WHAT YOU ARE ASKED TO DO: Without the pictures, give the entries below again exactly as written.

DATASET RECORDS:
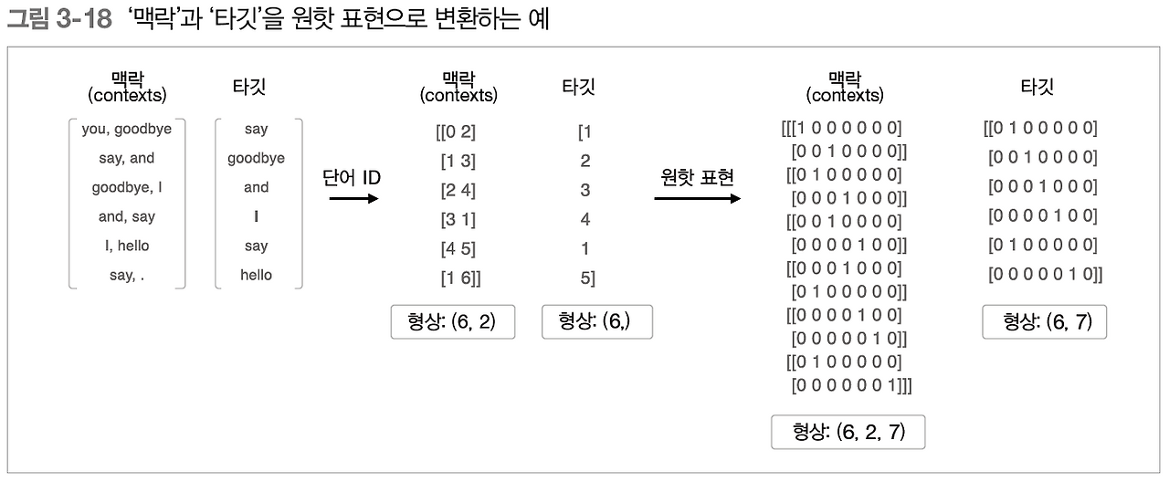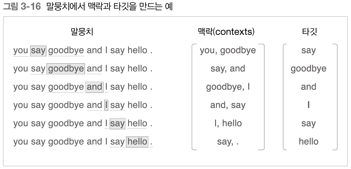 즉, 맥락 -> 타깃 형태의 데이터 이용해야 하고, 맥락이 입력되었을 때, 타깃이 출력되는 형태로 구성해야 한다.
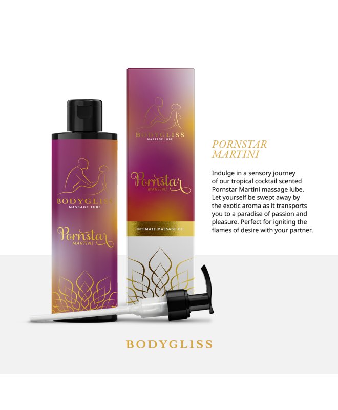 Hvorfor starte rett på sak når du kan gjøre forspillet til hovedretten? BodyGliss har fanget duften av favorittdrinken din, den meget deilige Pornstar Martini, i en flaske som tvinger dere til å bruke hendene overalt. Dette er en 2-i-1-opplevelse som starter med lange, glatte strøk over huden og ender akkurat der dere vil. Den praktiske pumpen gjør at du kan fylle på med mer glid uten å avbryte rytmen eller søle til sengetøyet.
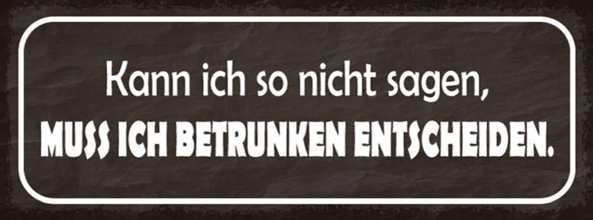 Schild Kann Ich Nicht Sagen Muss Ich Betrunken Entscheiden 27x10 Blech od.Holz Im Angebot
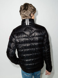 Crofton padded jacket Cold days ahead? Master chilly mornings in style with this Crofton padded jacket from Canada Goose. Winter blues are a thing of the past. Highlights - Black - Feather down/recycled nylon - Quilted - Front zip fastening - High neck - Logo patch at the sleeve - Two side zip-fastening pockets Imported Composition Lining: Duck Feathers 100%, Polyamide 100% Outer: Polyamide 100% SIZE & FIT Model measurements Height 6 ft 1 in(1.85 m) Bust/Chest 37 in(94 cm) Hips 34.64 in(88 cm) Waist 27.16 in(69 cm) Measurement BUST 41.73 in(106 cm) FittingInformation Designed for a regular fit, allowing for a comfortably loose fit throughout the body The internal drawstring at the hem allows for fitted preferences Made from a padded non-stretch fabric, giving it no natural elasticity This piece fits true to size – take your usual size Washing instructions Machine Wash
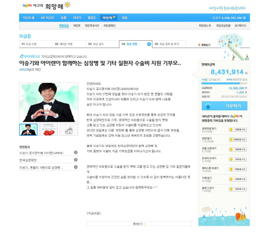 다음커뮤니케이션의 사회공헌 서비스인 '희망해(hope.daum.net)'에서 스타의 이름으로 나눔에 앞장서는 팬들의 아름다운 활동이 이어지고 있다.

RESULT BELOW:
 즉, 맥락 -> 타깃 형태의 데이터 이용해야 하고, 맥락이 입력되었을 때, 타깃이 출력되는 형태로 구성해야 한다.
 Hvorfor starte rett på sak når du kan gjøre forspillet til hovedretten? BodyGliss har fanget duften av favorittdrinken din, den meget deilige Pornstar Martini, i en flaske som tvinger dere til å bruke hendene overalt. Dette er en 2-i-1-opplevelse som starter med lange, glatte strøk over huden og ender akkurat der dere vil. Den praktiske pumpen gjør at du kan fylle på med mer glid uten å avbryte rytmen eller søle til sengetøyet.
 Schild Kann Ich Nicht Sagen Muss Ich Betrunken Entscheiden 27x10 Blech od.Holz Im Angebot
 Crofton padded jacket Cold days ahead? Master chilly mornings in style with this Crofton padded jacket from Canada Goose. Winter blues are a thing of the past. Highlights - Black - Feather down/recycled nylon - Quilted - Front zip fastening - High neck - Logo patch at the sleeve - Two side zip-fastening pockets Imported Composition Lining: Duck Feathers 100%, Polyamide 100% Outer: Polyamide 100% SIZE & FIT Model measurements Height 6 ft 1 in(1.85 m) Bust/Chest 37 in(94 cm) Hips 34.64 in(88 cm) Waist 27.16 in(69 cm) Measurement BUST 41.73 in(106 cm) FittingInformation Designed for a regular fit, allowing for a comfortably loose fit throughout the body The internal drawstring at the hem allows for fitted preferences Made from a padded non-stretch fabric, giving it no natural elasticity This piece fits true to size – take your usual size Washing instructions Machine Wash
 다음커뮤니케이션의 사회공헌 서비스인 '희망해(hope.daum.net)'에서 스타의 이름으로 나눔에 앞장서는 팬들의 아름다운 활동이 이어지고 있다.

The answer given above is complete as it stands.